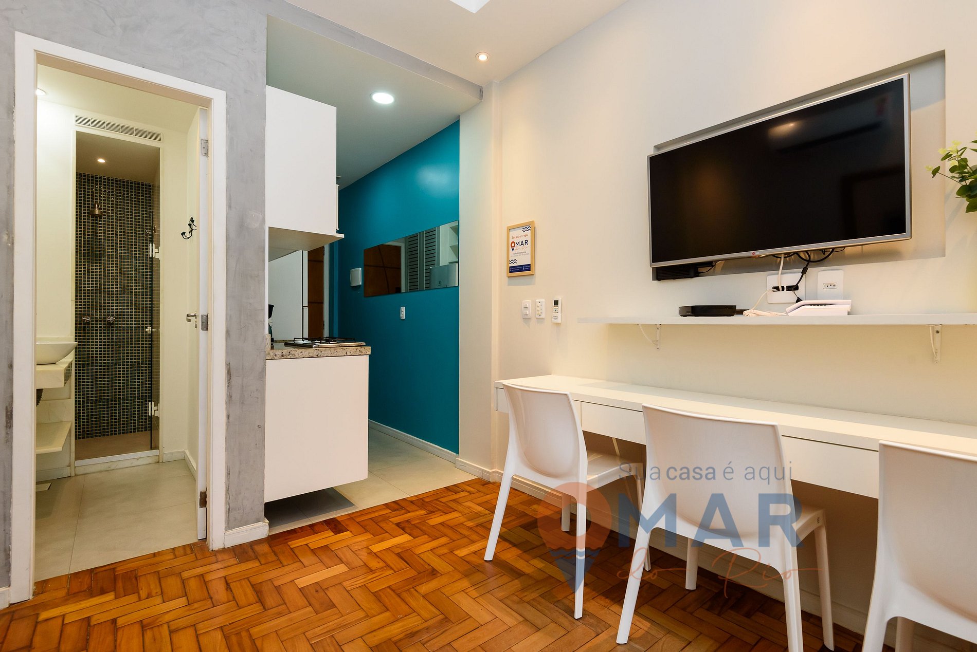 Modern 1BDR with stunning side sea views, just a short distance from the beautiful Copacabana beach. It has an excellent internet connection, perfect for those who need to work remotely or study. The environment is charming, and it also has a well-equipped kitchenette and a workstation, giving you the chance to stay productive without giving up comfort. Practicality and leisure in one place!
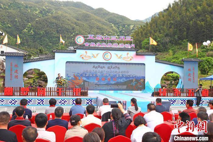 中新网江西上饶4月22日电 (记者 刘占昆)4月22日,农历三月初三,江西省上饶市“三月三”畲族文化系列活动——五府山“三月三”畲族文化旅游活动月在江西省上饶市广信区五府山镇船坑畲寨启动。
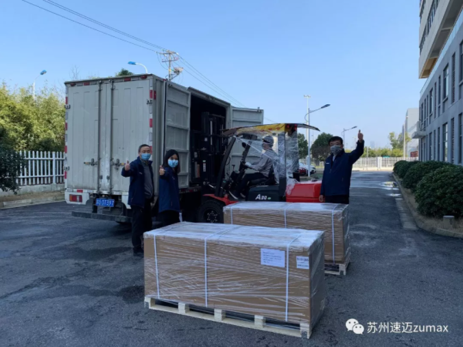 苏州速迈已经火力全开,我们的产线已经恢复生产,复工第一单已经发出,远赴匈牙利;希腊、法国、爱沙尼亚、波兰、意大利、巴西、德国、西班牙、美国、日本等地的订单,在苏惠10条、苏惠外12条的大力保障下,将在最近几天陆续发出。
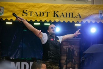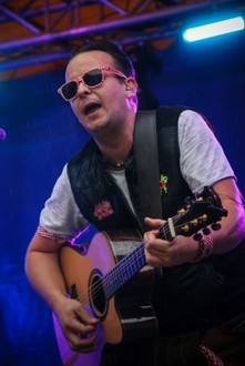 Zahlreiche Besucher fieberten dem Auftritt von Tobi als Andreas Gabalier Double entgegen und sangen trotz Regen unter ihren Schirmen bekannte Hits.
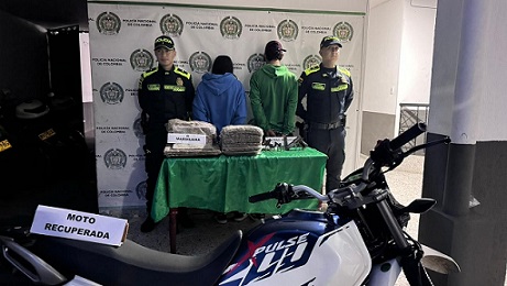 Así mismo, se verifica en la base de datos el número de motor de la motocicleta ya que no posee placa y encuentran un reporte negativo por hurto. Los sujetos de 21 y 25 años que no poseen antecedentes, fueron capturados por los delitos en mención, siendo dejados a disposición de la Fiscalía URI en turno, junto a las armas de fuego, las 33 libras de estupefaciente y la motocicleta.
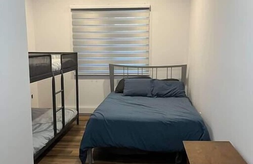 It offers an ideal bedroom configuration, with 3 bedrooms in the basement (two bedrooms with queen-size beds and one bedroom with a double bed and a bunk bed on 2 levels, each with a single bed). There's a full bathroom on this level, as well as laundry facilities (washer/dryer) and a large family room with a queen-size sofa bed.
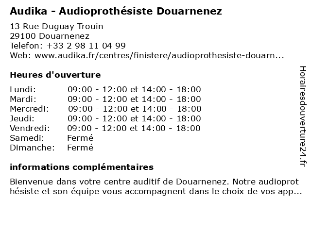 1 Auditiv Solutions - Audioprothésiste Douarnenez (Distance: 0,00 km) 13 Rue Duguay Trouin, 29100 Douarnenez audioprothésiste, auditiv, douarnenez, solutions 2 Audilab / Audioprothésiste Douarnenez (Distance: 0,08 km) 9 Rue Duguay Trouin, 29100 Douarnenez audilab, audioprothésiste, douarnenez 3 Audioprothésiste DOUARNENEZ Optical Center (Distance: 1,31 km) 7 Rue Edouard Branly, 29100 Douarnenez audioprothésiste, center, douarnenez, optical 4 Audioprothésiste Quimper-Alain Afflelou Acousticien (Distance: 19,66 km) 47 Rue Saint Mathieu, 29000 Quimper acousticien, afflelou, alain, audiologie, audioprothésiste, clinique médicale, quimper 5 Audioprothésiste Quimper Ronarc'h Audition Santé (Distance: 19,74 km) 28 Rue Amiral Ronarc'h, 29000 Quimper audiologie, audioprothésiste, audition, quimper, ronarc'h, santé 6 Audika - Audioprothésiste Quimper (Distance: 19,81 km) 52 Quai de l'Odet, 29000 Quimper appareil auditif, audika, audiologiste, audioprothésiste, centre auditif, quimper, spécialiste audition |

## Exercise prompt
Both boundary lines included, write out word for word only the lines above from the one containing "Zahlreiche Besucher fieberten" to the one containing "It offers an", leaving out any pictures.

## Result below
 Zahlreiche Besucher fieberten dem Auftritt von Tobi als Andreas Gabalier Double entgegen und sangen trotz Regen unter ihren Schirmen bekannte Hits.
 Así mismo, se verifica en la base de datos el número de motor de la motocicleta ya que no posee placa y encuentran un reporte negativo por hurto. Los sujetos de 21 y 25 años que no poseen antecedentes, fueron capturados por los delitos en mención, siendo dejados a disposición de la Fiscalía URI en turno, junto a las armas de fuego, las 33 libras de estupefaciente y la motocicleta.
 It offers an ideal bedroom configuration, with 3 bedrooms in the basement (two bedrooms with queen-size beds and one bedroom with a double bed and a bunk bed on 2 levels, each with a single bed). There's a full bathroom on this level, as well as laundry facilities (washer/dryer) and a large family room with a queen-size sofa bed.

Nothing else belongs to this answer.